On 8 February 2019, the renovation of the initial building of the Vinkenbosch rest home in Hasselt (Province of Limburg) was completed. The site now has a total capacity of 114 units. The rest home is operated by Senior Living Group under a triple net long lease which generates a gross yield of approx. 5.5 %. The contractual value of the site after renovation works amounts to approx. €17 million (i.e. approx. €15 million for the initial site and previous works, and approx. €2 million for this phase of works).

2.4.2. Extension and renovation of a rest home in Kapellen

On 23 April 2019, the extension and renovation of the Plantijn rest home in Kapellen (Province of Antwerp) was completed. The site now has a total capacity of 110 units. The rest home is operated by the Armonea group under a triple net long lease which generates a gross yield of approx. 6 %. The contractual value of the site after these extension and renovation works amounts to approx. €16 million (i.e. approx. €12 million for the initial site and previous works, and approx. €4 million for this phase of works).

2.5. Completion in Germany

2.5.1. Completion of a care campus in Lübbecke

On 31 March 2019, the Seniorenquartier Lübbecke care campus in Lübbecke (State of North Rhine-Westphalia) was completed, marking the first completion resulting from the cooperation agreement with Specht Gruppe. This residential care facility catering to seniors requiring continuous care has a capacity of 80 units and is operated by the EMVIA Living group. Aedifica's total investment amounts to approx. €10 million (i.e. approx. €1 million for the plot of land, and approx. €9 million for the works). The lease established for this site is an irrevocable 30-year double net long lease. The site also benefits from a triple net warranty of limited duration that covers the building's maintenance. The initial gross yield amounts to approx. 5.5 %.

2.6. Completions in the Netherlands

2.6.1. Completion of a care residence in Roosendaal

On 1 February 2019, the Huize Roosdael care residence in Roosendaal (Province of North Brabant) was completed. This residential care facility catering to seniors requiring continuous care has a capacity of 26 units and is operated by the Compartijn group. Aedifica's total investment amounts to approx. €6 million (i.e. approx. €1 million for the plot of land, and approx. €5 million for the works). The lease established for this site is an irrevocable 20-year triple net long lease. The initial gross yield amounts to approx. 6.5 %.

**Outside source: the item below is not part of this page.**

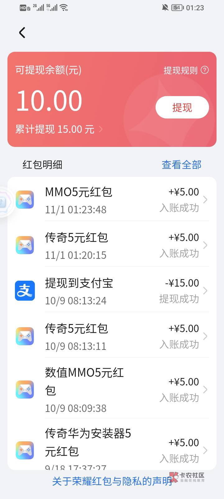 荣耀应用市场传奇游戏领现金红包活动

2.6.2. Completion of a care residence in Tilburg

On 12 March 2019, the Huize Groot Waardijn care residence in Tilburg (Province of North Brabant) was completed. This residential care facility catering to seniors requiring continuous care has a capacity of 26 units and is operated by the Compartijn group. Aedifica's total investment amounts to approx. €6 million (i.e. approx. €1 million for the plot of land, and approx. €5 million for the works). The lease established for this site is an irrevocable 20-year triple net long lease. The initial gross yield amounts to approx. 6.5 %.

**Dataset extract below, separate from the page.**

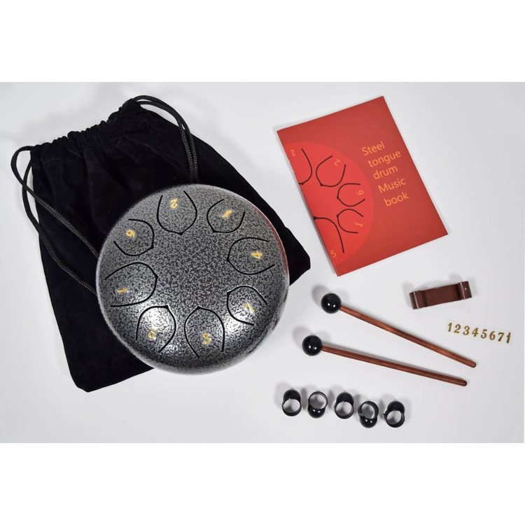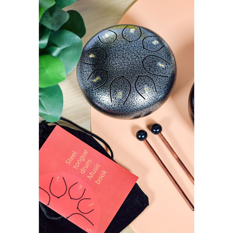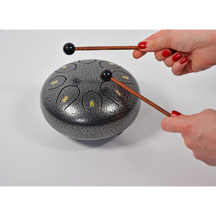 Small steel tongue drums with 8 notes on lotus petal-shaped tongues for finger or stick percussion. Ideal for educational use, meditation and therapy settings.
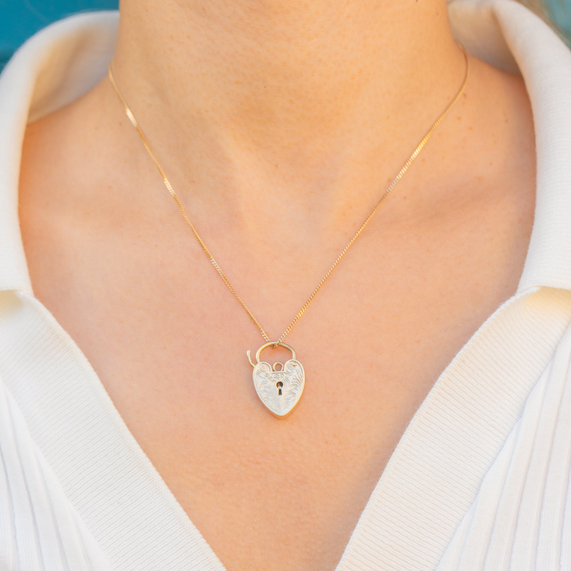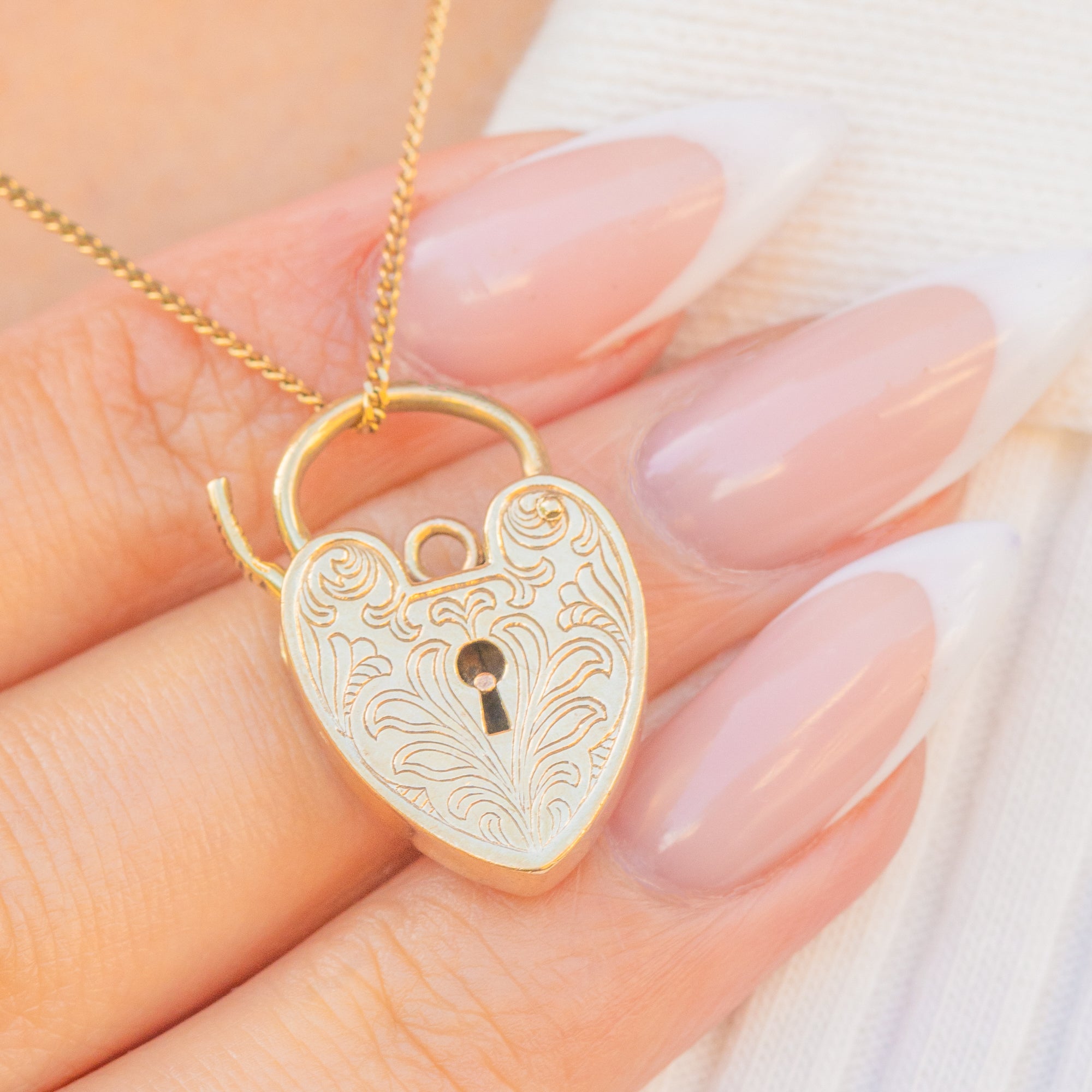 9ct Gold Engraved Heart Padlock Pendant

2.6.3. Completion of a care residence in Ede

On 25 March 2019, the Huize De Compagnie care residence in Ede (Province of Gelderland) was completed. This residential care facility catering to seniors requiring continuous care has a capacity of 42 units and is operated by the Compartijn group. Aedifica's total investment amounts to approx. €9 million (i.e. approx. €2 million for the plot of land, and approx. €7 million for the works). The lease established for this site is an irrevocable 20-year triple net long lease. The initial gross yield amounts to approx. 6.5 %.

2.6.4. Completion of a care residence in Rotterdam

On 16 April 2019, the Martha Flora Rotterdam care residence in Rotterdam (Province of South Holland) was completed. This residential care facility catering to seniors requiring continuous care has a capacity of 29 units and is operated by the Martha Flora group. Aedifica's total investment amounts to approx. €8 million (i.e. approx. €2 million for the plot of land, and approx. €6 million for the works). The lease established for this site is an irrevocable 20-year triple net long lease. The initial gross yield amounts to approx. 6.5 %.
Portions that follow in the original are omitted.